Having worked in a Large Defense Corp(TM) during the height of the Ada
popularity, it became pretty clear that the cost of a compiler for a $100mm
program wasn't really the issue.

The GNAT Ada compiler came out in 1995, and I know smaller defense contracts
used that as a viable solution to write software.

The primary issues with Ada were:

1\. Ada was oversold and underperformed. The Arianne-5 was the kind of tragedy
that Ada was supposed to prevent. Interfacing with external systems was a
pain. Tooling was a pain. The resulting executables were HUGE at the time.

And then the development itself was expensive. Towards the end of my time
writing Ada, our group was coding at the rate of 2 lines of Ada code /
developer hour. Compiling took hours, running and testing took hours, etc. So
a 20 line code change might easily result in 10 hours of a compiling/testing
cycle.

2\. No code reuse across defense contractors. Ada didn't have a package
manager at the time, and while there were software libraries, there weren't a
lot of them. Not like the C/C++ or later the Java world would have. So if you
needed something, most likely you had to write it from scratch.

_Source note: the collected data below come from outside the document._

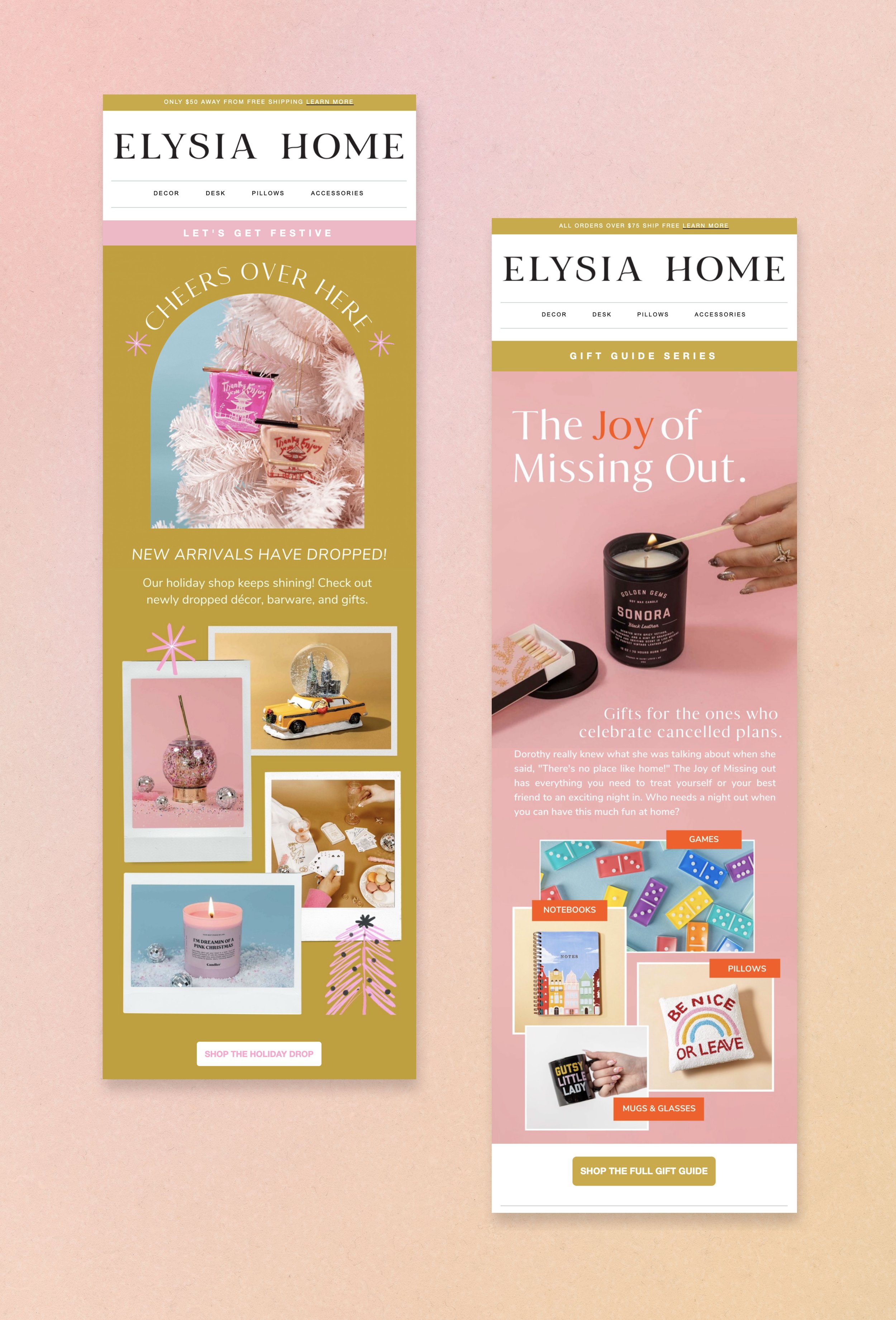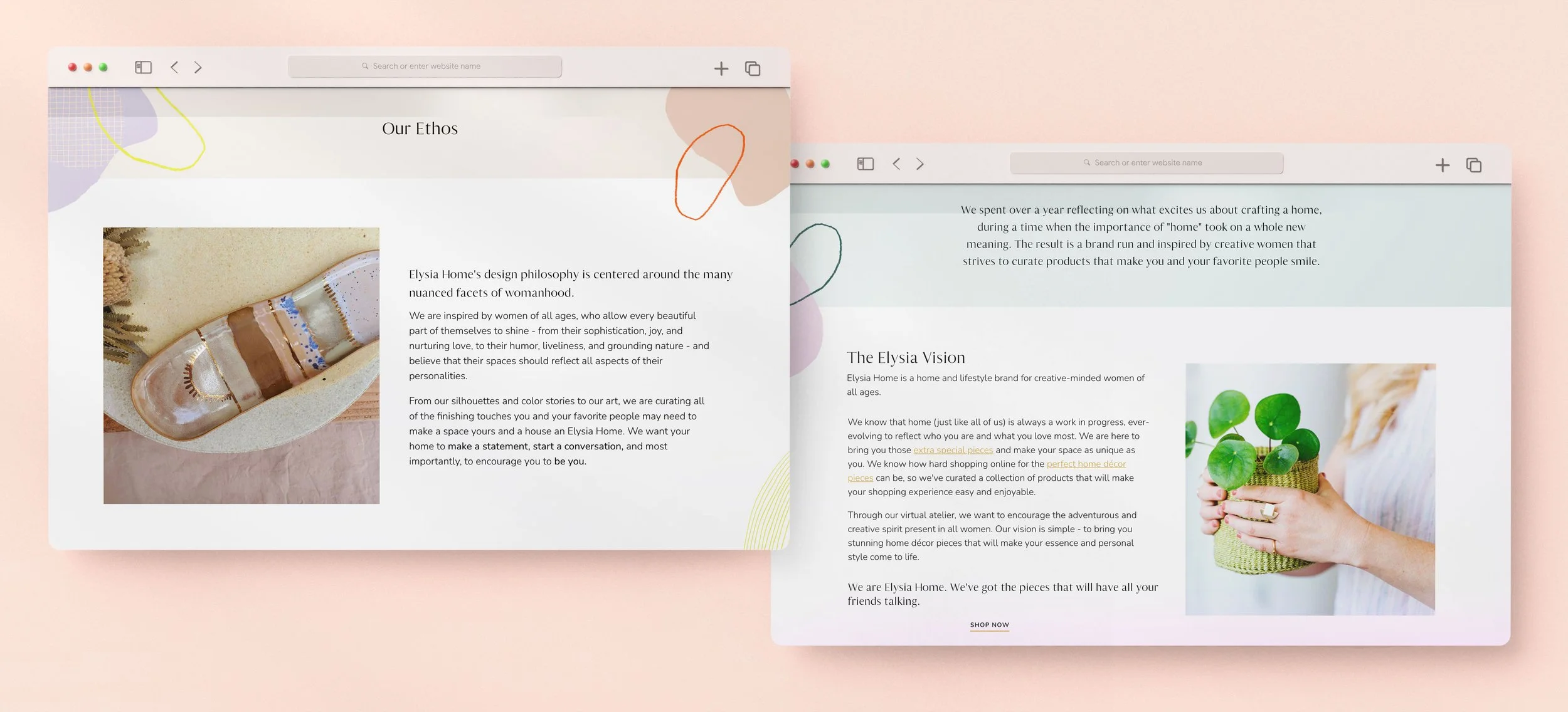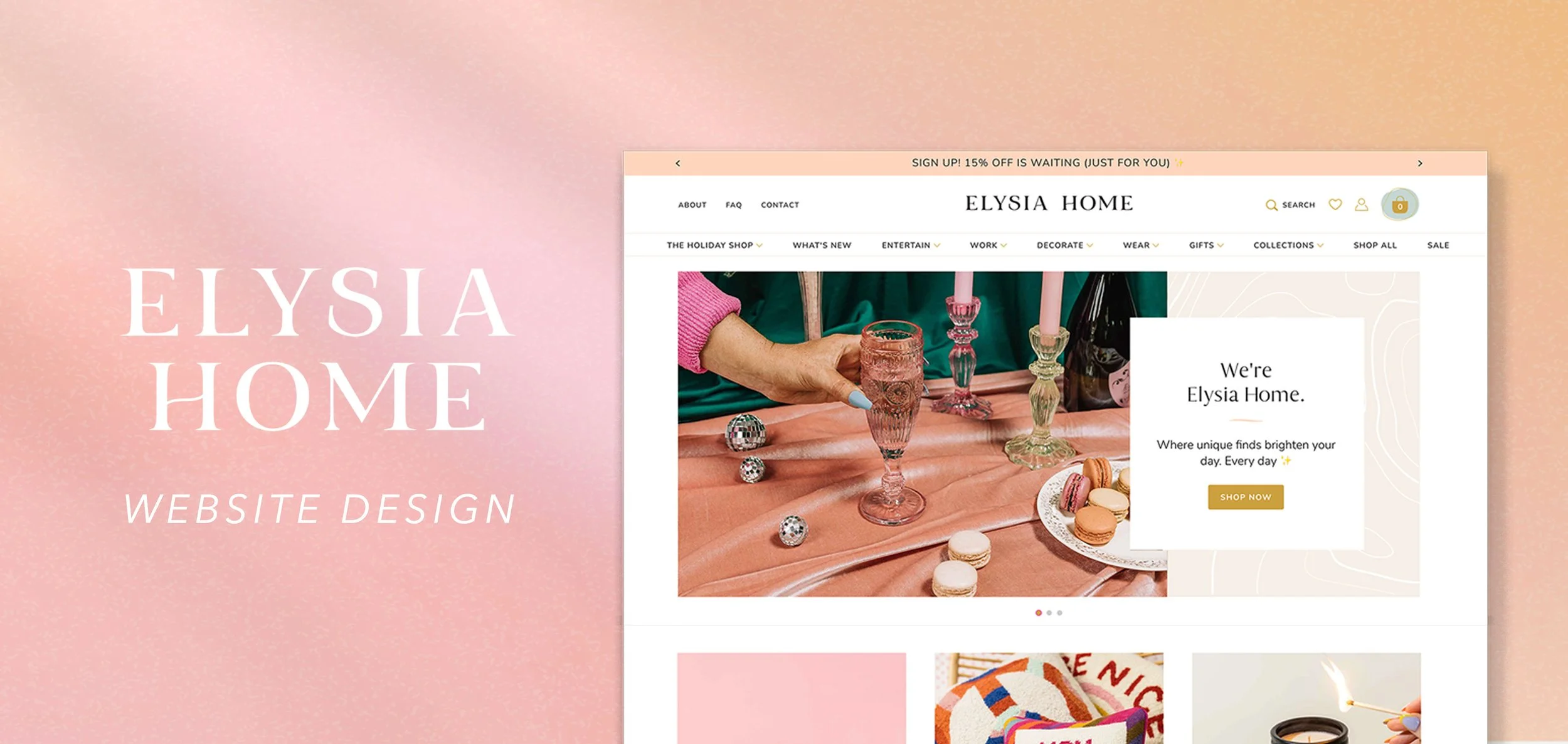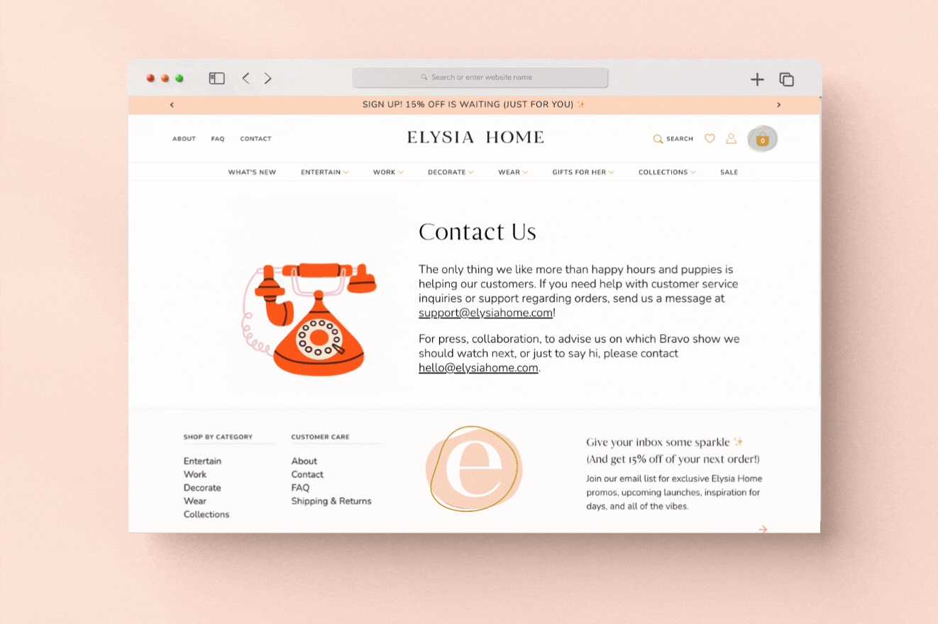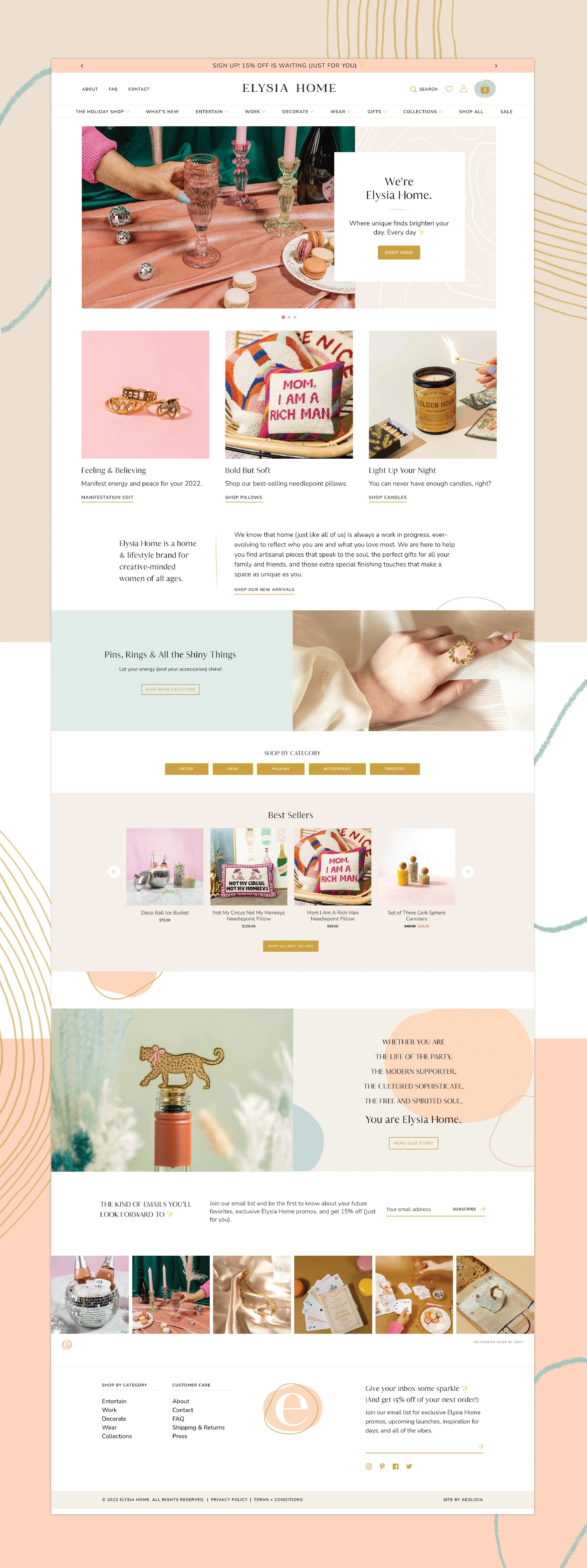 The Elysia Home website needed to be a place full of fun and confidence. To target our audience of Gen X, Millennial, and Gen Z shoppers we had to create a strategy for exceptional ease of use, and a graphic style that enhanced the shopping experience without overpowering the product. We partnered with Shopify experts Aeolida to develop a solution that kept imagery front and center on an inviting backdrop full of color.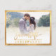 PixDezines falskt guld "spara vårt datum" klassisk fancy script font och era förlovningsbilder på framsidan och baksidan av vykort. Lägg till din bakgrundsfärg. Copyright © 2008-2016 PixDezines.com™ och PixDezines™ på zazzle.com. Alla rättigheter förbehållna.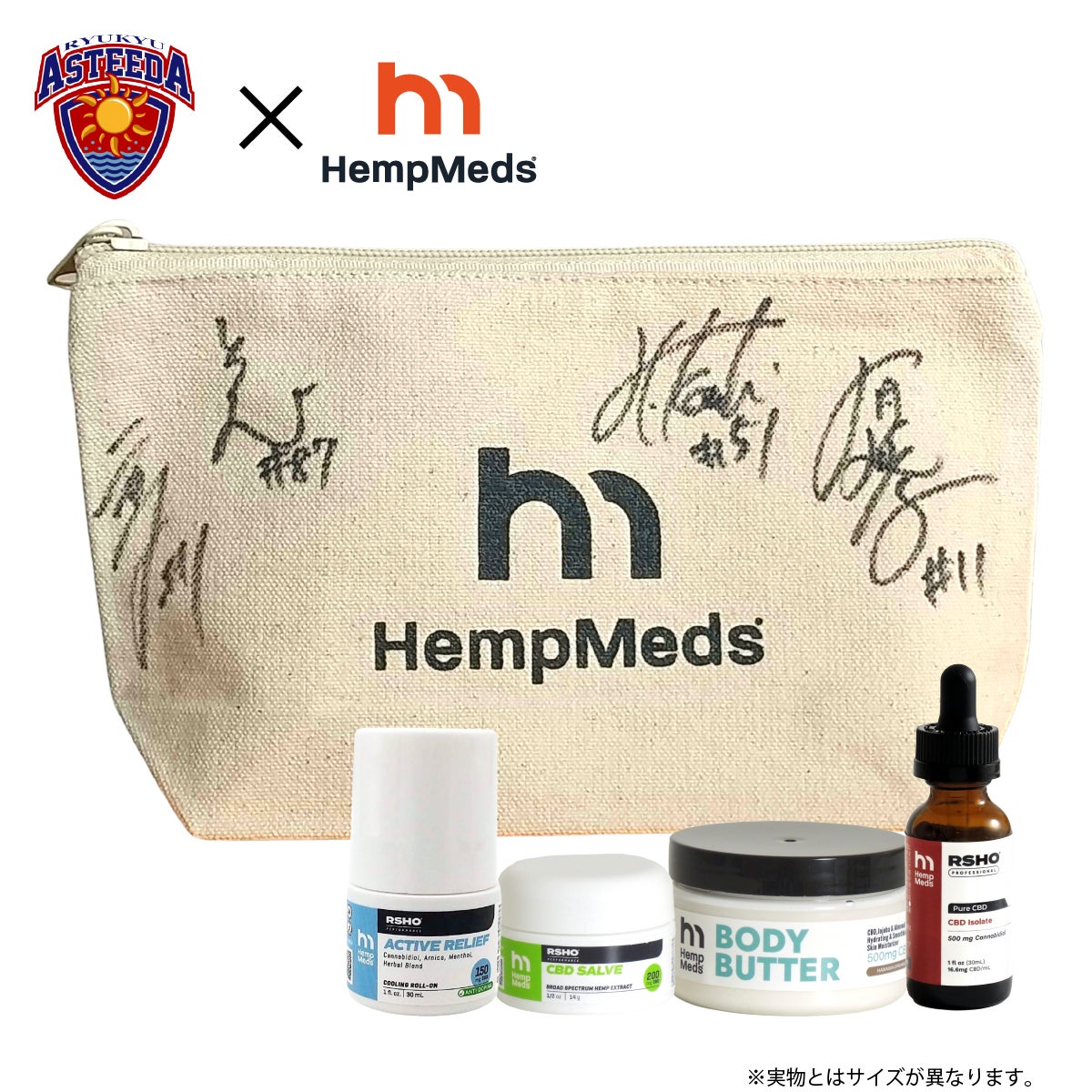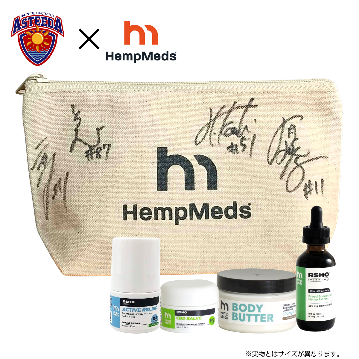 オフィシャルスポンサー契約を記念して琉球アスティーダ所属選手の「直筆サイン入りトラベルポーチ」付きのスペシャルセットを数量限定でHempMedsオンラインストアにて発売します。

3\. Java got popular around 2000ish and showed what a great software ecosystem
looked like. Around 2005ish most new successful defense development was on
java.

------
nicoburns
I agree with the overall conclusion. Zig is aiming at being a C replacement.
Rust is very much more in the C++ space. But a lot of the individual points
seem off the mark.

> Concurrency is generally a bad thing. A program which uses poll effectively
> is going to be simpler, reasonably performant, and have orders of magnitude
> fewer bugs.

One of the benefits of Rust is that provides a lot of checks on concurrent
code to prevent you doing stupid things, so you get the benefits without these
costs. It's not perfect, but I've personally had zero issues with concurrent
code in Rust. This is actually a benefit Rust provides even over other memory
safe languages like Java.

> C has a spec.

Yes, C has a spec. But a ridiculous number of things (in a modern context) are
left as undefined behaviour in that spec, meaning that it is very easy to
accidentally violate the spec. Rust doesn't have a spec yet, but it has far
more safeguards which make it much easier to avoid weird unexpected behaviours
in practice. A full spec will come eventually.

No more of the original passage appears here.